The FT has asked for an award of unspecified damages in the
case. The case is against Blackstone and 100 unnamed individuals
who worked there.
The FT's lawsuit said that it owns the copyright in the
thousands of articles accessed, and that that copyright was
violated by the access by people who were not the original account
holder.
The FT's action is based not just on the number of articles
accessed under the account, whose username was theblackstonegroup
and whose password was blackstone, but on the digital traces left
behind at its site by the different instances of access.

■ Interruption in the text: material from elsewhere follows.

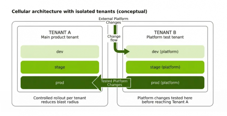 Duolingo triển khai mô hình tenant/cell, trong đó mỗi tenant là một môi trường tách biệt và bao gồm các lớp dev, stage, prod. Các thay đổi ở tầng nền tảng được thử nghiệm trước trong một tenant riêng, rồi mới áp dụng vào tenant chính của các nhóm dịch vụ. Mục tiêu của cách triển khai này là đưa thay đổi vào phạm vi nhỏ trước, giới hạn blast radius và giảm rủi ro lan rộng khi có lỗi hoặc hành vi ngoài dự kiến.

"Account usage from specific computers is reflected in unique
'cookies'," said the suit. "The number of cookies recorded and the
IP addresses associated with the credentials point inescapably to
widespread use of the single, individual account on FT.com by many
different persons on defendant Blackstone's US-based and non
US-based network servers."
Intellectual property law expert Kim Walker of Pinsent Masons,
the law firm behind OUT-LAW.COM, said that publishers could take
action in the UK on a similar basis.
"If a case was brought in the UK it would not just be for a
breach of the subscriber agreement, but also for copyright
infringement because articles would be accessed outside of the
terms of the contract," he said.
Walker said that the FT was perhaps taking such public action in
order to send a message to other companies that such login sharing
was not acceptable. He said that self-preservation may be behind
publishers' unwillingness to date to take such action.
"I think what has held people back is that they didn't want to
be suing their potential biggest clients – it's not good for
business," he said. "But it looks like the FT has decided that a
line has been crossed."
Walker said that companies which suspect that such login sharing
is taking place should tell employees not to do it.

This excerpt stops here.